À titre d'exemple, la partie intitulée "Les ouvrières clandestines de Mibladen" du livre "Dos de femme, dos de mulet" de Hicham Houdaifa démontre clairement comment des événements historiques tels que la chute des prix du plomb en 1975 et la fermeture de la société minière française "La Peñarroya ", ainsi que l'abandon du bureau de recherche et de participations minières du village de Mibladen, ont contribué à la situation précaire vécue par les habitants de Mibladen aujourd'hui.
Finalement, pour effectuer un changement positif, nous devons commencer par nous-mêmes.
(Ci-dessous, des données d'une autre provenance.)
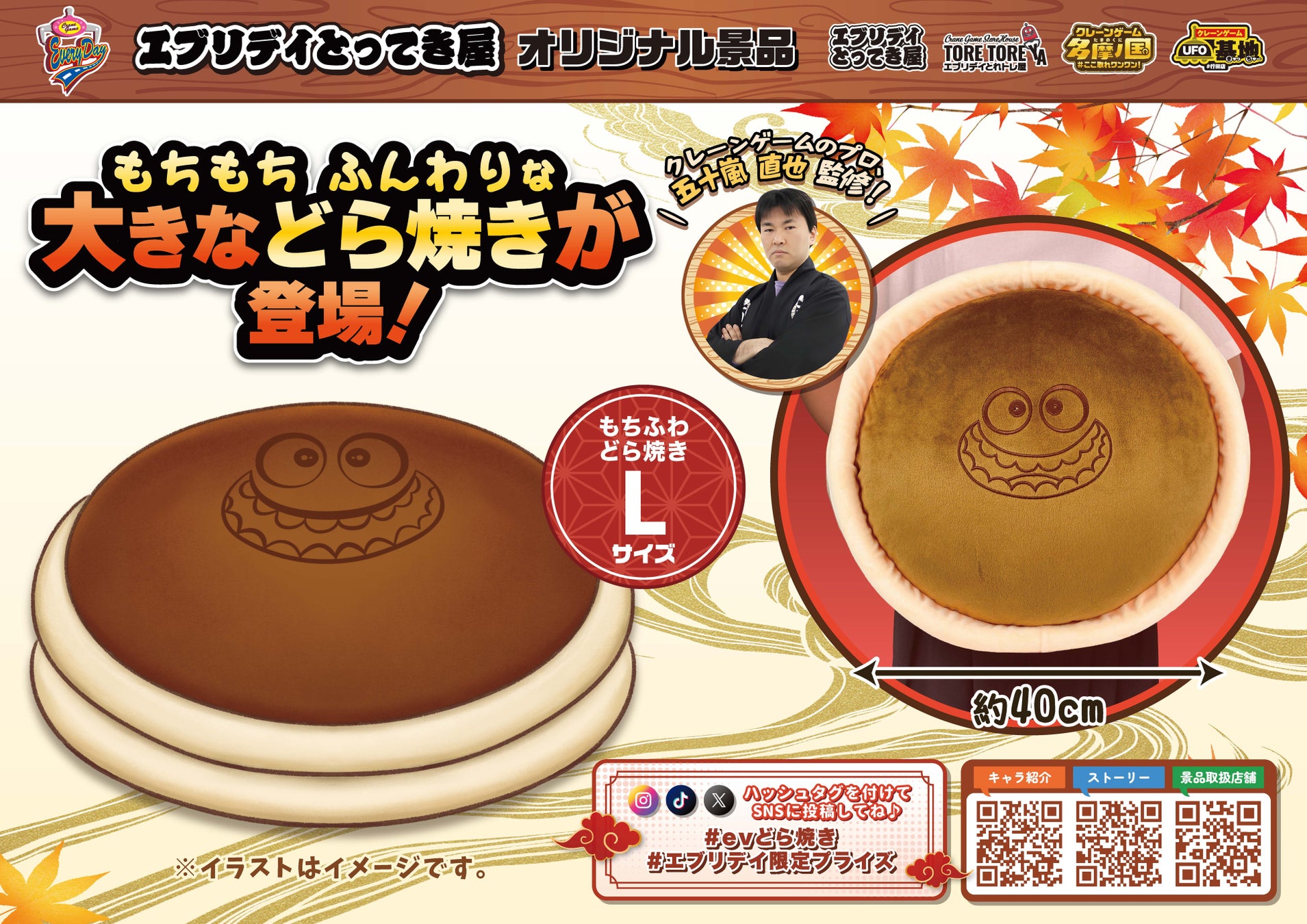 もちもち&ふんわり食感を再現した、特大サイズのどら焼きをモチーフにしたぬいぐるみが新登場となります! 直径約40cmのビッグサイズで、思わず抱きしめたくなるインパクトとボリューム感が魅力です。表面には、エブリデイとれトレ屋 桶川店のキャラクター「トレ」の顔が焼き印風に刺繍された特別なデザインを採用。

Nous ne devrions pas accepter l'idée que les problèmes existants existeront toujours, au contraire, nous devons prendre l'initiative de faire un changement à travers toutes les moyens et méthodes disponibles que ce soit pour nous-mêmes mais également pour les générations futures, d'où vient l'importance de l'apprentissage et l'amélioration continus de nos compétences, il faut apprendre de nouvelles compétences et connaissances, et nous devons être prêts à sortir de notre zone de confort, et en apprendre davantage même si nous n’allons peut-être pas utiliser ces connaissances directement, pourquoi ne pas être ceux qui les transmettent à ceux qui en ont besoin ?.
Participer à des ateliers et des formations pour développer nos aptitudes et notre réseau avec des personnes partageant les mêmes idées que nous pour apprendre les uns des autres est un élément très important.
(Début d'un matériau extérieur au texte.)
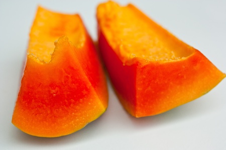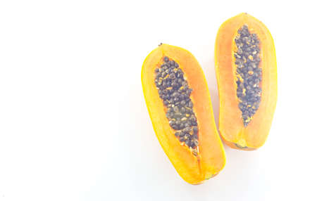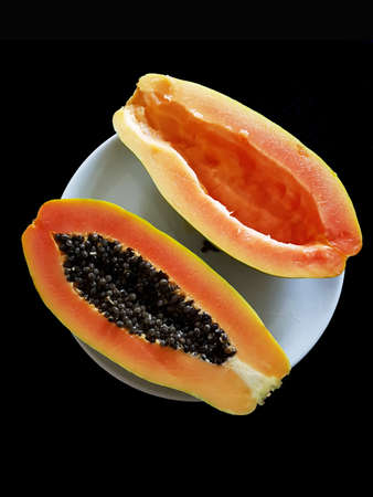 Half cut ripe papaya with seed on a white plate. Slices of sweet papaya with a white background. Halved papayas. Healthy exotic fruits. Vegetarian food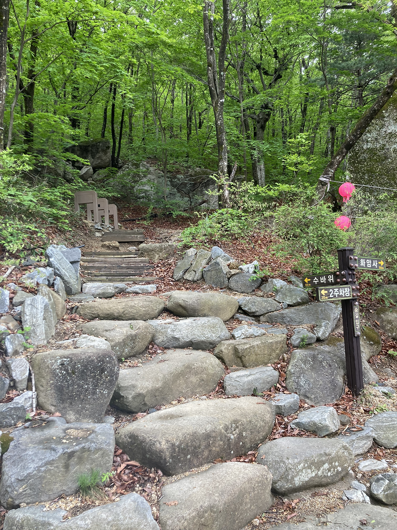 팀장님께서 성인대에 오르면, 울산바위가 보이는데 그 풍경이 장관이라고 하셨다. 그 풍경을 보기 위해 젊은 피였던 나는 앞장서서 올랐다. 성인대까지 올라가는 데는 등산보다는 트레킹 수준으로 무리가 없었다. 산을 오르면서 중간중간 연출되는 풍경들을 보면서 가니 오랜만에 산림욕 하는 것 같았고 힐링이 되는 것 같았다.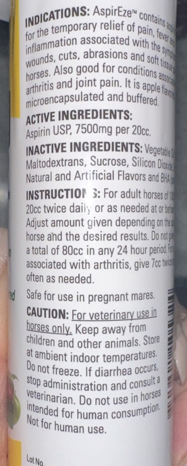 Our AspirEze Aspirin Gel is designed to support your horse's health and wellbeing. It contains microencapsulated aspirin, which is gentler on the stomach than traditional aspirin. This gel is easy to administer and can be given orally or mixed with your horse's feed. It is perfect for horses that are involved in sporting activities, as well as those that suffer from arthritis or other joint-related conditions. ShipN24Hours. Inventory Location 7827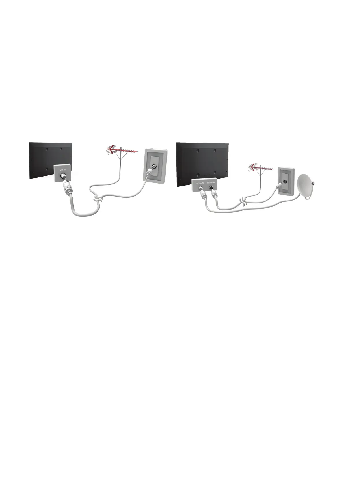 Connect the correct aerial cable according to your viewing environment to the TV's aerial connector, as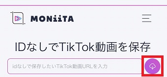 『MONiiTA』が開いたら『idなしで保存したいTikTok動画URLを入力』という部分に先ほどコピーしたURLをペーストします。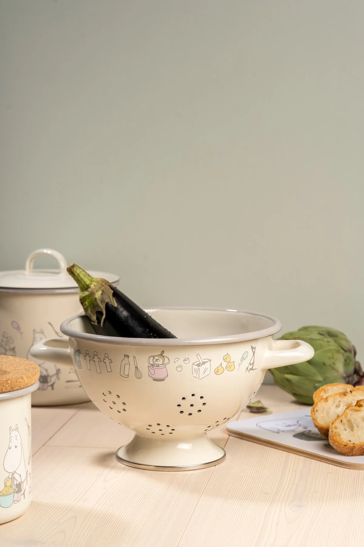 The most delicious dishes consist of seasonal ingredients and Moominmamma's love for cooking. At times, a big bunch of family and friends like to participate in cooking in the heart of the Moominhouse - Bon Appetit! This versatile colander is designed for prepping and serving food and is an essential tool for your kitchen. Besides this colander, the Bon Appetit collection consists of pots, a cutting board, and an enamel jar.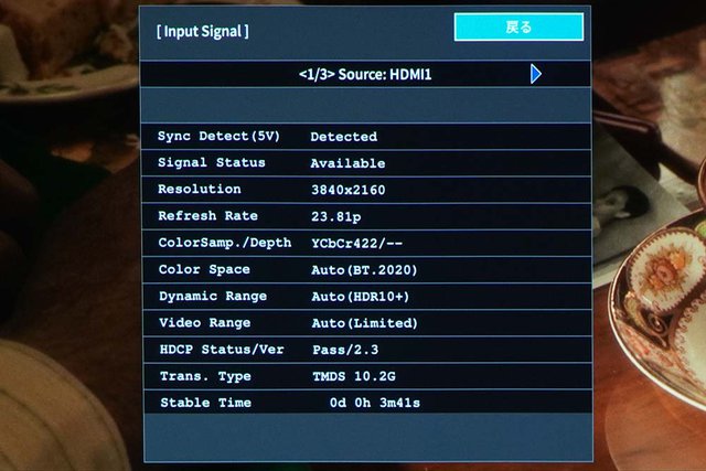 画面の隅々まで透明感に溢れ、細部の潰れ、にじみがなく、情報量にあふれている。胸のすく清澄な映像だ。新たに採用した2軸方式の4Kエンハンスメントの動作は的確で、電気的なエンハンスに伴う疑似信号がみられず、妨害要素のない、細部を慈しむことができる画質だ。階調のきめ細かさ、豊富さも印象的で、新画像処理デバイスの「シーン適応ガンマ補正」が的確に動作していることがわかる。

“Je me sens heureux et chanceux de faire partie de la clinique juridique de la faculté de droit de Fès, mise en place par @highatlasfoundation en partenariat avec @usmba_fes, qui ne cesse d'offrir à ses membres des formations et des ateliers non seulement dans le domaine du droit, mais aussi dans d'autres disciplines telles que l'entrepreneuriat, la médiation et la gestion des conflits, l’immigration, la pensée critique et les compétences interpersonnelles.”
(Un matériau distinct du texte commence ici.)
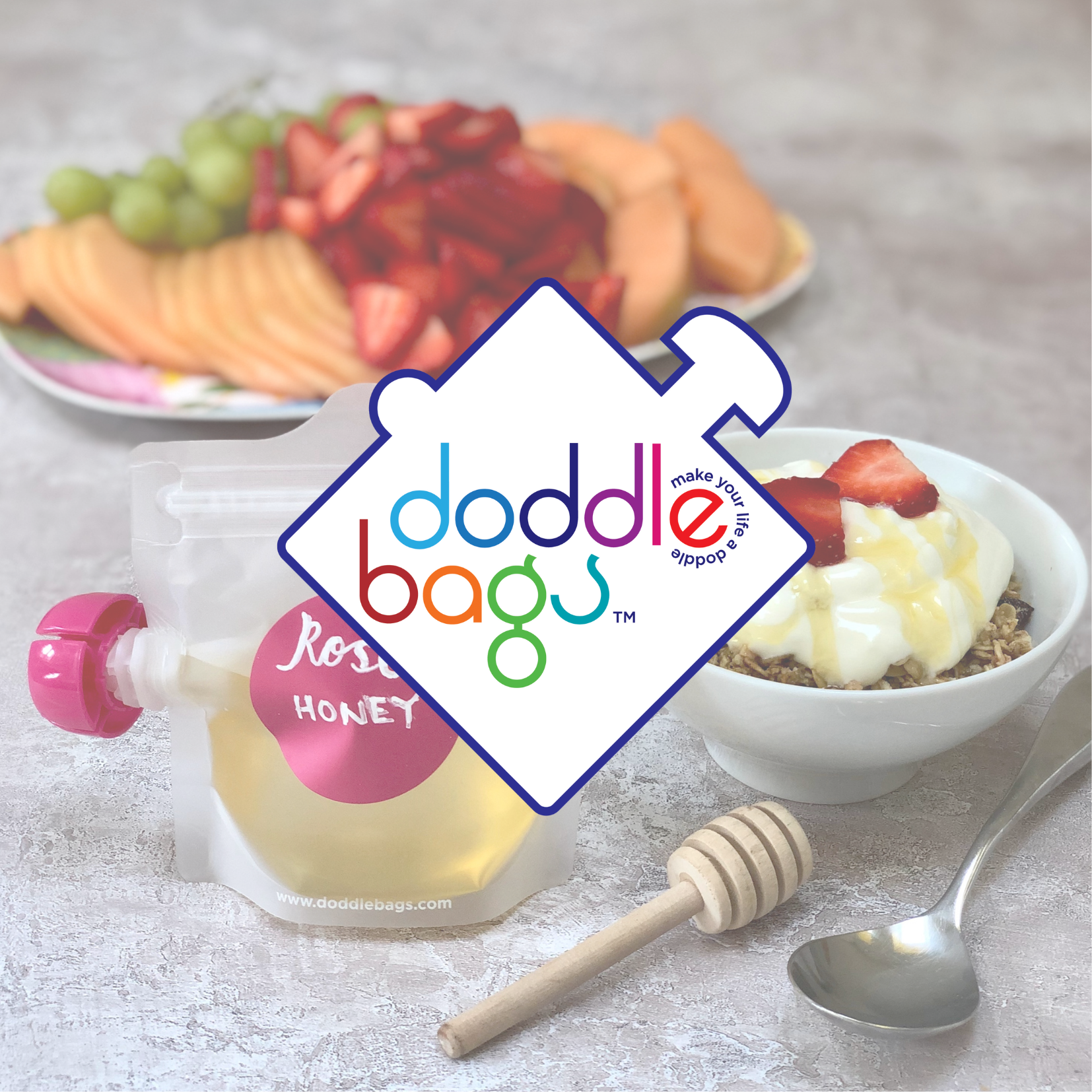 Doddle Bags est une marque anglaise qui fabrique des gourdes réutilisables 100ml et 200ml bien pensées pour les repas, et permettant d'emporter partout compotes, yaourts, purées… Les gourdes sont multi usages : les parents les utilisent aussi pour les loisirs créatifs (peinture, perles, gommettes.).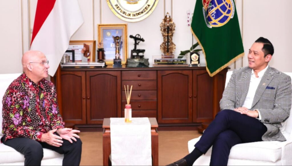 JAKARTA, Menteri Agraria dan Tata Ruang/Kepala Badan Pertanahan Nasional (ATR/BPN), Agus Harimurti Yudhoyono (AHY) melakukan pertemuan dengan Mission Director of United States Agency for International Development (USAID) Indonesia, Jeffery P. Cohen. Pembahasan pertemuan ini berkisar seputar peluang kerja sama antara kedua negara, utamanya di bidang pertanahan dan tata ruang.

Interaction des étudiants lors des exercices pratiques du programme de The school of critical Thinking, Avril 2023. Photo: HAF
La Clinique juridique de la faculté de droit - CJFD de Fès a pour objectif d'améliorer le statut des jeunes, des femmes et des communautés sous-représentées en fournissant une aide juridique gratuite et une formation à l'entrepreneuriat comme moyen de s'engager civiquement et économiquement.
Au cours des trois années qui ont suivi son lancement, le programme a formé 369 étudiants (50 % de femmes, 50 % d'hommes) en master et en doctorat de droit pour donner l'aide juridique et faciliter le renforcement des capacités des bénéficiaires dans la région de Fès-Meknès au Maroc. Au cours de cette période, les étudiants cliniciens ont travaillé sur un total de 267 dossiers relatifs à l'entreprenariat, l'immigration et l'asile, la médiation familiale, le soutien psychologique, la traite des êtres humains, l'emploi et l'immobilier. En outre, 256 personnes ont bénéficié de la création ou de la croissance de 39 projets générateurs de revenus suite à la formation et au mentorat en matière d'entrepreneuriat.
Le programme a été établi d'abord comme un projet pilote en 2019 en tant que collaboration entre la High Atlas Foundation et la Faculty of Legal, Economic, and Social Sciences de Sidi Mohamed Ben Abdellah, Université de Fès. De 2020 à 2022, la poursuite du programme et son élargissement pour inclure une concentration sur la promotion de l'entrepreneuriat ont été financés par l'initiative de partenariat États-Unis-Moyen-Orient U.S.-Middle East Partnership Initiative (MEPI).
En 2023, le programme fait l'objet d'une nouvelle promotion afin d'assurer sa continuité et sa durabilité.